## TASK STATEMENT
If a line below falls between the line with "This cricketer is" and the line with "Anouk Rustic Floral", or is one of those two, output it exactly; output nothing else and no pictures.

## RECORDS FOR THIS EXERCISE
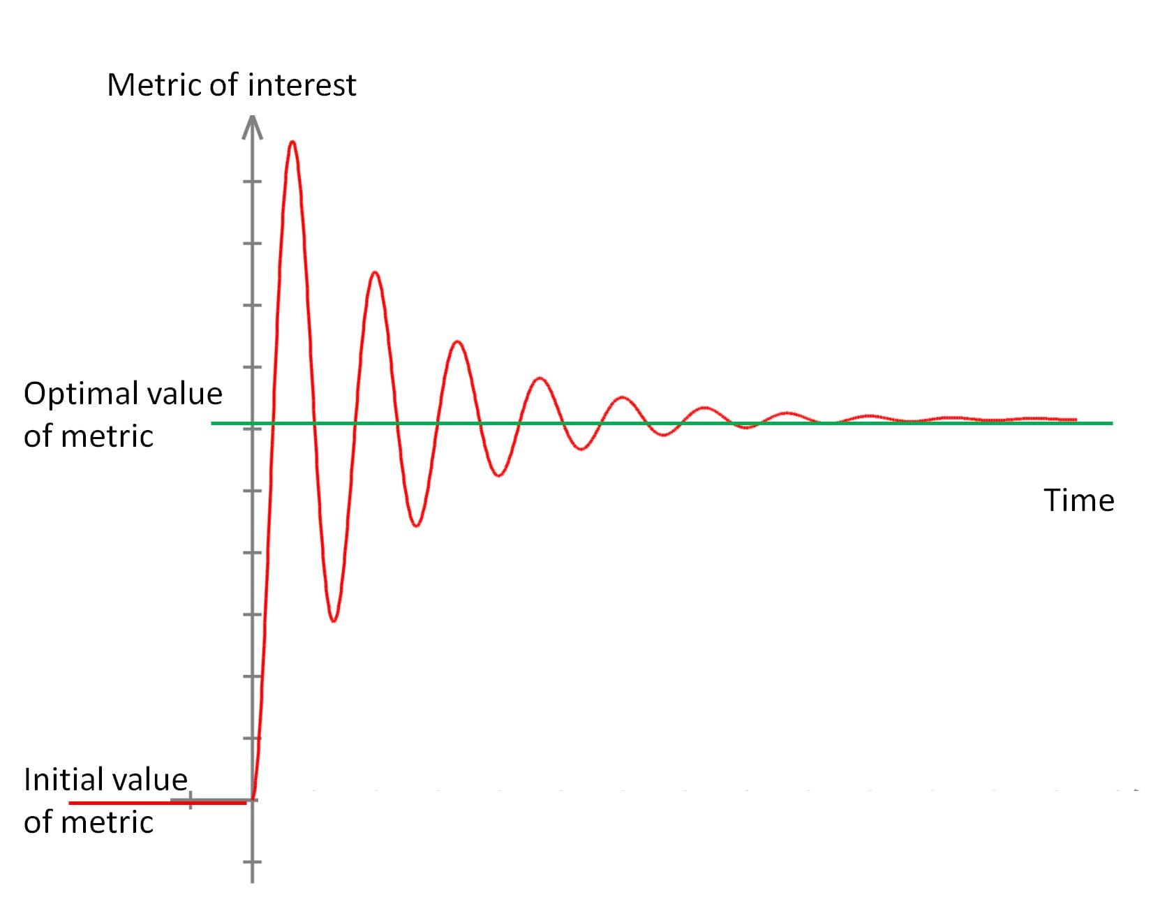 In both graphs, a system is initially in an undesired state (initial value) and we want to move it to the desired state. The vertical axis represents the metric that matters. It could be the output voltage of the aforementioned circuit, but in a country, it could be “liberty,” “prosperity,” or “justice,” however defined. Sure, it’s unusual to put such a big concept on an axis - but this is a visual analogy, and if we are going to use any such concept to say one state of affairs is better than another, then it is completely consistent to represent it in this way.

* * *

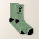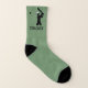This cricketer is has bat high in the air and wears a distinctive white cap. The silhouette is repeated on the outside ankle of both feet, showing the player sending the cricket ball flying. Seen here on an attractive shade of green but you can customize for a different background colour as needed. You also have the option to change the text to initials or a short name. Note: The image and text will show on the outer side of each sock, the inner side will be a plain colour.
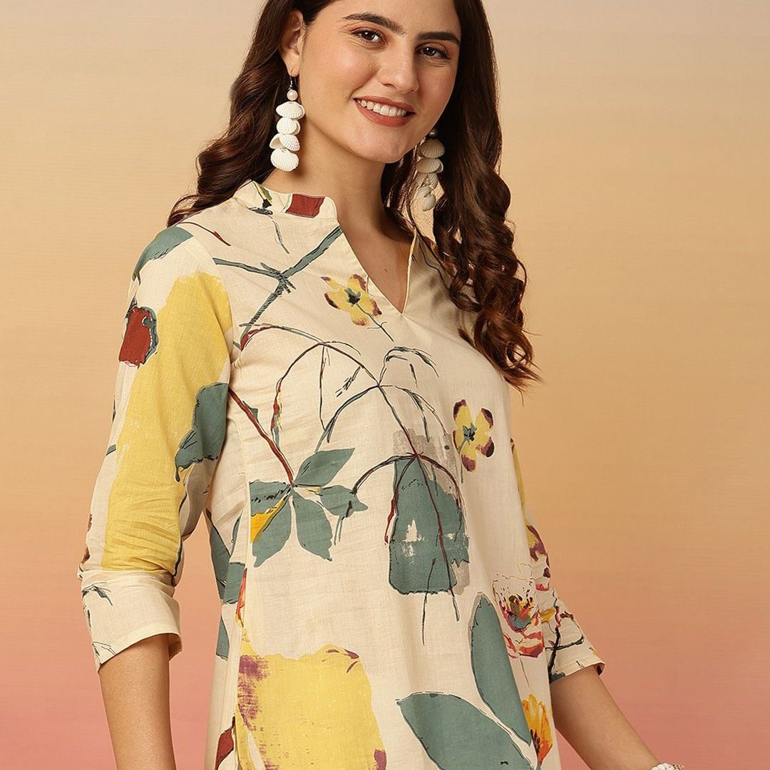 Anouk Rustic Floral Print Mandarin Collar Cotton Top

## EXERCISE ANSWER
This cricketer is has bat high in the air and wears a distinctive white cap. The silhouette is repeated on the outside ankle of both feet, showing the player sending the cricket ball flying. Seen here on an attractive shade of green but you can customize for a different background colour as needed. You also have the option to change the text to initials or a short name. Note: The image and text will show on the outer side of each sock, the inner side will be a plain colour.
 Anouk Rustic Floral Print Mandarin Collar Cotton Top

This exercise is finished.